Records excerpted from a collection
----
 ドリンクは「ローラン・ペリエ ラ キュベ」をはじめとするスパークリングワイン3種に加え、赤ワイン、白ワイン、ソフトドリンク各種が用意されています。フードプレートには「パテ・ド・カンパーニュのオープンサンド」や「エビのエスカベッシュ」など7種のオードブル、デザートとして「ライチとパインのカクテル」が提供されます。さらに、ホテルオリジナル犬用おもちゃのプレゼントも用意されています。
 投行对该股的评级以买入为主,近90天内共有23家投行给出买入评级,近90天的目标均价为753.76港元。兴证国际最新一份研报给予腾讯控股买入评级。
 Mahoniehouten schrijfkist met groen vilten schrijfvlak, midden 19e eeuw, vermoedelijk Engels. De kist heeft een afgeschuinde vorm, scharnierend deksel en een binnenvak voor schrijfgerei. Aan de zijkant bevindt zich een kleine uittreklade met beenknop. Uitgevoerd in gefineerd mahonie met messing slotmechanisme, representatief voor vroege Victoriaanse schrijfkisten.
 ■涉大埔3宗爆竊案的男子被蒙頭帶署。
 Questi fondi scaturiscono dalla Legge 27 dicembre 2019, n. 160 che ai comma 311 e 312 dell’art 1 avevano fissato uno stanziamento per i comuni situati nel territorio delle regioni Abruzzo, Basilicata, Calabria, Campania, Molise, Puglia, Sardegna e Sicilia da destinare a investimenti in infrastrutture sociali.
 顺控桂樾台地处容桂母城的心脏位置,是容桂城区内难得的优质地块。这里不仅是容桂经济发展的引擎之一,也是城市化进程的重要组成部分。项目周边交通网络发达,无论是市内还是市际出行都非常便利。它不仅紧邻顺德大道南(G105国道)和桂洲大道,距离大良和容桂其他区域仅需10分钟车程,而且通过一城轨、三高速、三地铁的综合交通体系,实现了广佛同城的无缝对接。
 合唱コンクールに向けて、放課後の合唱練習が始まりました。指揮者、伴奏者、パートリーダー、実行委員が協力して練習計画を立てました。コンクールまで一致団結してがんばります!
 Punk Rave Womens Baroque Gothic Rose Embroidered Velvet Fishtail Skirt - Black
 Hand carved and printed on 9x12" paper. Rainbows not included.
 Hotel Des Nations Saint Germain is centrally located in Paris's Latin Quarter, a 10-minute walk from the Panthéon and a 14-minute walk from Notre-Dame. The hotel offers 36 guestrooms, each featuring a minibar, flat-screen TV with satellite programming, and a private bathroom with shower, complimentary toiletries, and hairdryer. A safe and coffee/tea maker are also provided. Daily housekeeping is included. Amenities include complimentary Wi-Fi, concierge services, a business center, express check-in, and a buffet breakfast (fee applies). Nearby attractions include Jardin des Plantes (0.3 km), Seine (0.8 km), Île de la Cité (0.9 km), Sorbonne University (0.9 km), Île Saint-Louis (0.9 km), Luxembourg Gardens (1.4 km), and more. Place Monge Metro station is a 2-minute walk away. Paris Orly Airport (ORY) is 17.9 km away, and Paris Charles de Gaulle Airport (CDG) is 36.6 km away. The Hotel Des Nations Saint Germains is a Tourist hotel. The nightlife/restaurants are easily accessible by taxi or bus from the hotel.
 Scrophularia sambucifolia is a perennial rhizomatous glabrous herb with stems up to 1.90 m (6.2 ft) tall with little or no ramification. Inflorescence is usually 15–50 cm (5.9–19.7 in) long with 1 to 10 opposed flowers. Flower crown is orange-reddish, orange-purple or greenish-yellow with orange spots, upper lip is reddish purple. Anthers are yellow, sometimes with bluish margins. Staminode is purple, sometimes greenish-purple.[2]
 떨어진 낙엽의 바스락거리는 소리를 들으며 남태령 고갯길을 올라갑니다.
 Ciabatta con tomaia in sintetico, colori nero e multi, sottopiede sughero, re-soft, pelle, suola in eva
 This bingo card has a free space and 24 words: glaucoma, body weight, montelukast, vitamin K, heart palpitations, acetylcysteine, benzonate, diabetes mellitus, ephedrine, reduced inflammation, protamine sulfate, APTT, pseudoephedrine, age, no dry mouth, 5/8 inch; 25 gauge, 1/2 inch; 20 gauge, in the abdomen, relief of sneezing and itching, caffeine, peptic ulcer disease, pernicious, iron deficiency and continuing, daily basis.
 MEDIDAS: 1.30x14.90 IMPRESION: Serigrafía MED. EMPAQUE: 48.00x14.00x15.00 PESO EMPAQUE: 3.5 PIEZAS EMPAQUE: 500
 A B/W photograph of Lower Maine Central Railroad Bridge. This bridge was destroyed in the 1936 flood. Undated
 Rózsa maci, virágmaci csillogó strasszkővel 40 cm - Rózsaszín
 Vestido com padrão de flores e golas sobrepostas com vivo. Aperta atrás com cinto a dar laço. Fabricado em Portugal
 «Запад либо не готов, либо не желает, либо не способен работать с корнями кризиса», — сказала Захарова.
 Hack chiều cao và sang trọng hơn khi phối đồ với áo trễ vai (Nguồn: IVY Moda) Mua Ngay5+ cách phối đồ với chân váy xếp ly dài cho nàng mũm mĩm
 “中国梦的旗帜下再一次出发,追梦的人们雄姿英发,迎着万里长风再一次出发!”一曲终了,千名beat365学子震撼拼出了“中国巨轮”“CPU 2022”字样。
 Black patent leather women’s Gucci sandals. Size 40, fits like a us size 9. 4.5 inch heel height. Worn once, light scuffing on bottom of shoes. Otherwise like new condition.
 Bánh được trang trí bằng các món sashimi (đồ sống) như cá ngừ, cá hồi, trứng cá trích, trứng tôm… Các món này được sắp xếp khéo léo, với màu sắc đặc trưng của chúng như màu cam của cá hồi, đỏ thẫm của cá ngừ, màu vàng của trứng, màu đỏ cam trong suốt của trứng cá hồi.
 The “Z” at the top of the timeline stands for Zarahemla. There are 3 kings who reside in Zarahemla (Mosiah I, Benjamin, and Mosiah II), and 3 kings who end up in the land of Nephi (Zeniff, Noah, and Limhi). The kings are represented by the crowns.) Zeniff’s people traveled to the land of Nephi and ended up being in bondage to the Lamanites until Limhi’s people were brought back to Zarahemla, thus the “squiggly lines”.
----
## TASK DESCRIPTION
The response should be an exact copy of the lines from the one with "Vestido com padrão" through the end of the data, with no other text.

## SOLUTION FOR THIS EXERCISE
 Vestido com padrão de flores e golas sobrepostas com vivo. Aperta atrás com cinto a dar laço. Fabricado em Portugal
 «Запад либо не готов, либо не желает, либо не способен работать с корнями кризиса», — сказала Захарова.
 Hack chiều cao và sang trọng hơn khi phối đồ với áo trễ vai (Nguồn: IVY Moda) Mua Ngay5+ cách phối đồ với chân váy xếp ly dài cho nàng mũm mĩm
 “中国梦的旗帜下再一次出发,追梦的人们雄姿英发,迎着万里长风再一次出发!”一曲终了,千名beat365学子震撼拼出了“中国巨轮”“CPU 2022”字样。
 Black patent leather women’s Gucci sandals. Size 40, fits like a us size 9. 4.5 inch heel height. Worn once, light scuffing on bottom of shoes. Otherwise like new condition.
 Bánh được trang trí bằng các món sashimi (đồ sống) như cá ngừ, cá hồi, trứng cá trích, trứng tôm… Các món này được sắp xếp khéo léo, với màu sắc đặc trưng của chúng như màu cam của cá hồi, đỏ thẫm của cá ngừ, màu vàng của trứng, màu đỏ cam trong suốt của trứng cá hồi.
 The “Z” at the top of the timeline stands for Zarahemla. There are 3 kings who reside in Zarahemla (Mosiah I, Benjamin, and Mosiah II), and 3 kings who end up in the land of Nephi (Zeniff, Noah, and Limhi). The kings are represented by the crowns.) Zeniff’s people traveled to the land of Nephi and ended up being in bondage to the Lamanites until Limhi’s people were brought back to Zarahemla, thus the “squiggly lines”.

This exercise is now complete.